申命記にはその他にも、金を貸す時に不当に高い利息を取ってはならないことや、7年に1度畑を休耕にして、その年にその休耕畑が生んだ作物は貧しい人々が自由に収穫することを認める掟なども記されています。
また、レビ記の中には、麦を収穫する時に、やもめや身寄りのない子どもたち、寄留の異国人のために畑の隅を刈り取らずに残すこと、束ねる時に落とした穂は拾い上げずにそのまま畑に残しておくように(19:9-10,23:22)と記されています。ミレーの名画『落ち穂拾い』もこうした思想を背景に、聖書の物語を題材にして描かれたものであり、畑の持ち主が一本残らず無駄のないように落ち穂を集めている様子を描いた作品ではありません。
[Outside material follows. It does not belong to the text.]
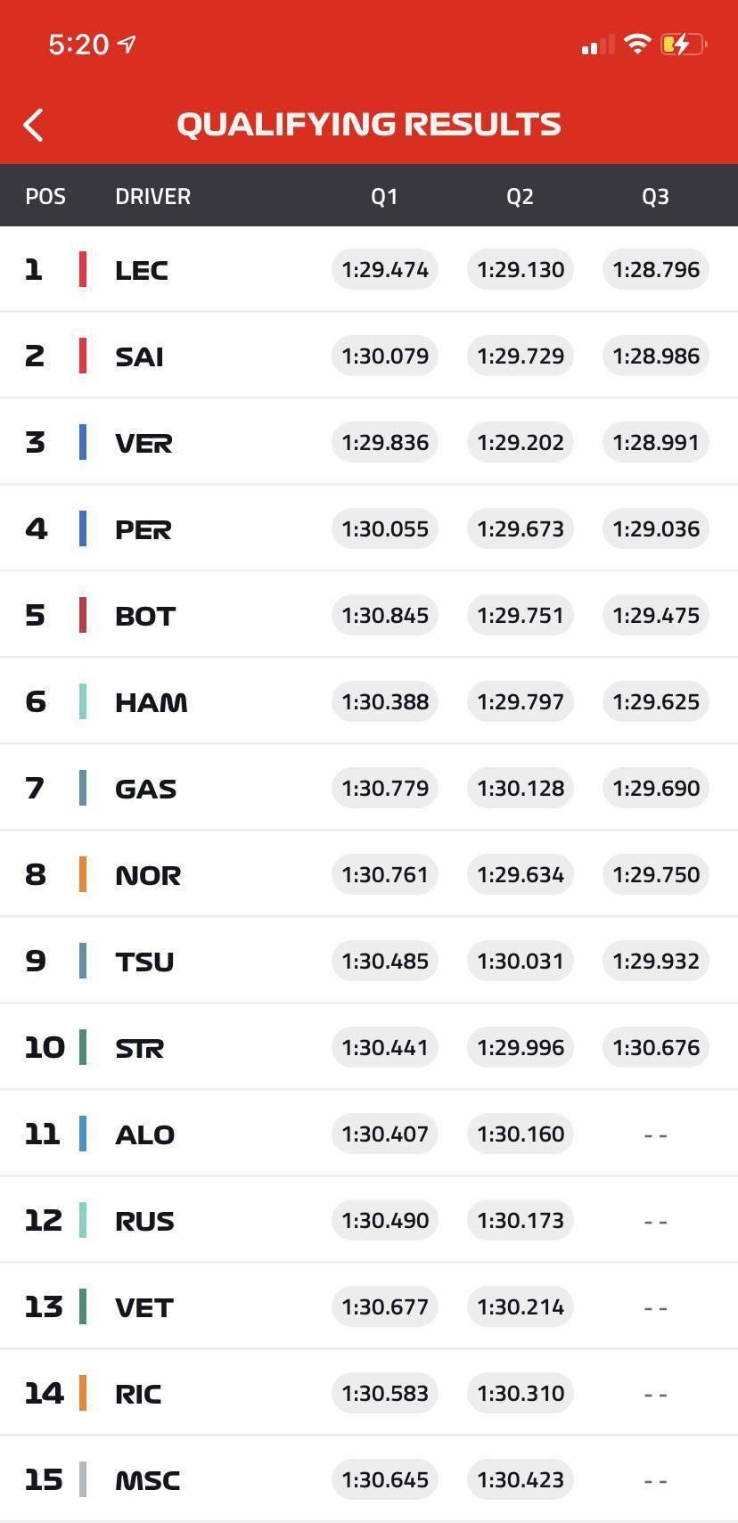 * Note: Starting Grid and Qualifying Results are identical. For example: Charles Leclerc will start in first place for Ferrari, Lando Norris will start in eighth place, and Sebastian Vettel will start in 13th place. The positioning in the starting grid is a direct reflection of the fastest laps achieved during Qualifying*

こうした旧約聖書の律法の言葉の土台になっている精神は、イスラエルの民の中で互いに助け合うことや弱い立場の貧しい人々を配慮することであり、それは神に選ばれた民として当然のことと考えられました。そのような信仰が、次第に体系化されて制度となり、律法の文言は更に詳細に口伝として伝えられるようになったと言えるでしょ。
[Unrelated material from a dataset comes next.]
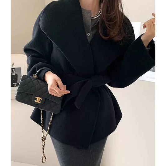 Peak Lapel Plain Midi Double Breasted Coat

しかし、主イエスの時代のイスラエルの社会状況は、必ずしも旧約の律法の精神が人々の間に浸透していたわけではありませんでした。また、律法学者たちの言動も、必ずしも神の御心をこの世界に具体化するのに相応しいものではありませんでした。
今日の聖書日課福音書の前半で主イエスが指摘して厳しく批判しているように、当時の律法学者は自分の身分の高さを人前で誇り、神殿の境内で人々から尊敬の目を向けられることを喜び、神殿や会堂でも、また宴の席でも上席に座る者であることを自慢していたのでした。
主イエスは、ユダヤ教の指導者たちが敬虔ぶった姿を人々に示して見せかけの長い祈りをする一方で、弱く貧しい立場の人々を少しもかえりみようとしない姿を見抜いておられました。そして、主イエスはそのような律法学者を含めた神殿の指導者たちを厳しく批判なさったのでした。
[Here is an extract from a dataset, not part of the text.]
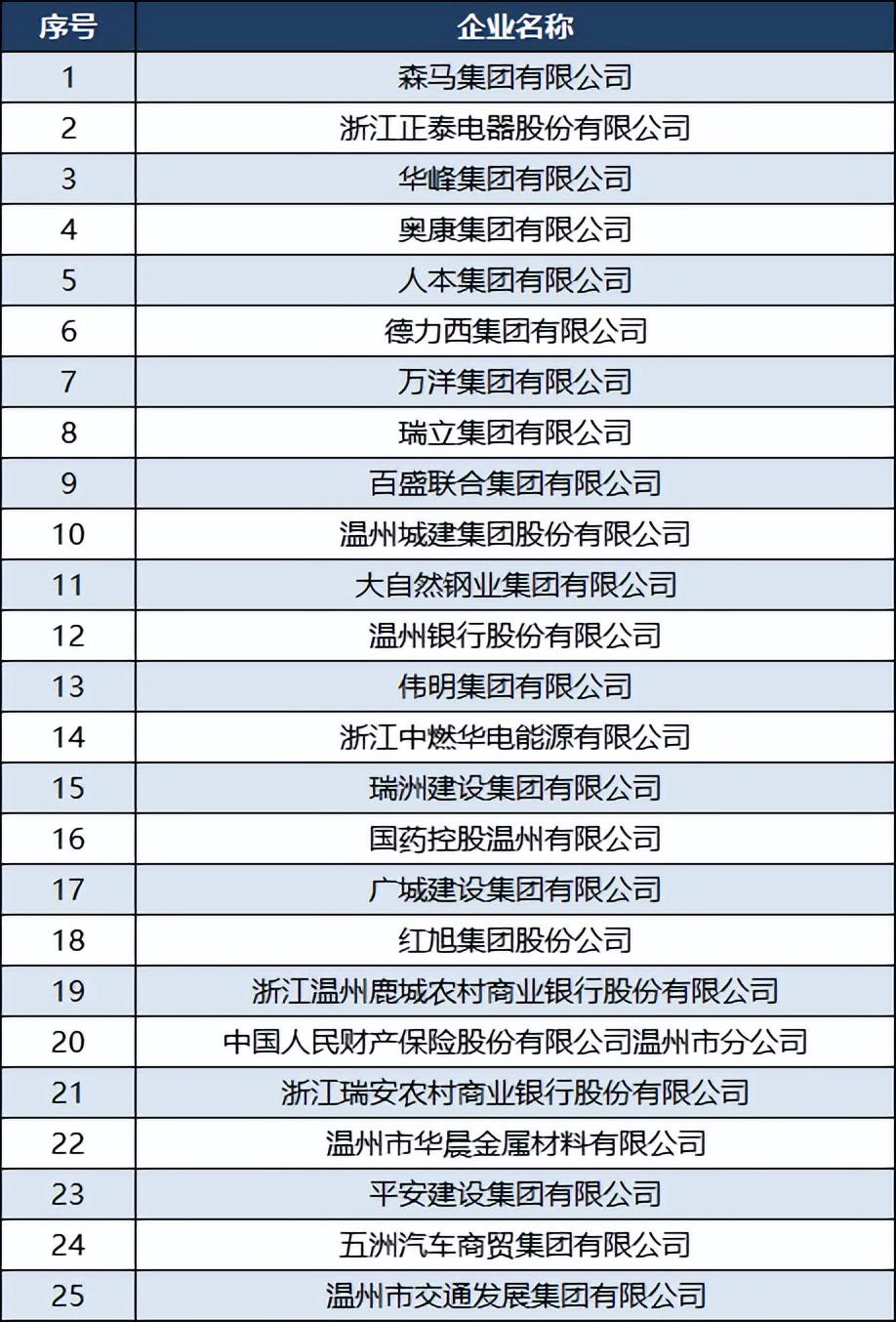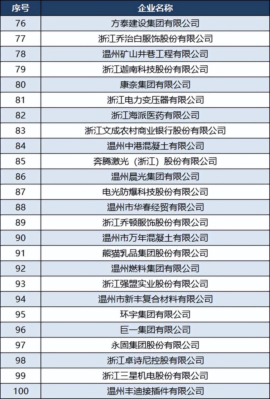 2022温州企业100强排名前十的企业为:森马集团、正泰电器、华峰集团、奥康集团、人本集团、德力西集团、万洋集团、瑞立集团、百盛联合集团、温州城建集团。

主イエスは律法学者のことを「やもめの家を食い物にする」と言って批判しておられます。この批判は、多くの人々が孤児ややもめなどのために捧げる献金や献げ物を律法学者たちが自分たちの都合のよいようにあれこれと理由をつけて横取りし、私腹を肥やしてたことによると考えられます。
今日の聖書日課福音書の出来事は主イエスが十字架にお架かりになる直ぐ前の火曜日の出来事であり、この日は「論争の火曜日」と言われています。主イエスが十字架へと向かわせたのは、主イエスがこの日の論争で祭司長や律法学者などユダヤ教の指導者たちをハッキリとしかも厳しく批判したことが大きな原因、口実になりました。主イエスは、自分の言葉や行いが十字架に向かうことになっても、神殿の指導者たちが弱く貧しい人々を少しも顧みず特権意識の上にあぐらをかいている姿を見過ごしにすることが出来なかったのです。
今、主イエスはエルサレム神殿の外庭にいます。律法学者たちが何とかしてイエスを言葉の罠にかけてイエスの言葉尻を捕らえようと無理難題を持ちかけましたが、主イエスは彼らの挑戦を悉く打ち砕きました。恐らく指導者たちは主イエスの批判を逃れるために、イエスの前から引き下がっていったのでしょう。
そのような時、主イエスは一人の貧しい女性が神殿の中庭(女性の庭)に入って来たことに目を留められました。この貧しいやもめは、その身なりも見るからに貧しくみすぼらしかったことでしょう。幾つか置かれている献金箱は金属のラッパの口のような受け皿があり、お金を入れると音がしました。多くの人が意図的に大きな音を立てて献金をする仲、貧しいやもめは静かに祈りレプトン銅貨2枚をそっと献金箱に入れました。レプトンは当時の一番小さな単位の貨幣で、1レプトンは当時の労働者一日の賃金1デナリオンの128分の1です。(一日の労賃が12,800円とすれば1レプトンは128円です。)レプトン2枚が今このやもめの持っている全てであり、この人はそれを2枚ともお献げしたのでした。神殿の指導者や大金持ちたちはこのやもめには目もくれず、もしかしたら主イエスの弟子たちでさえこの女性を気に留めなかったと思われます。
でも、主イエスは、このやもめが神に心を向けて心からの献げ物をしていることに目を留められたのです。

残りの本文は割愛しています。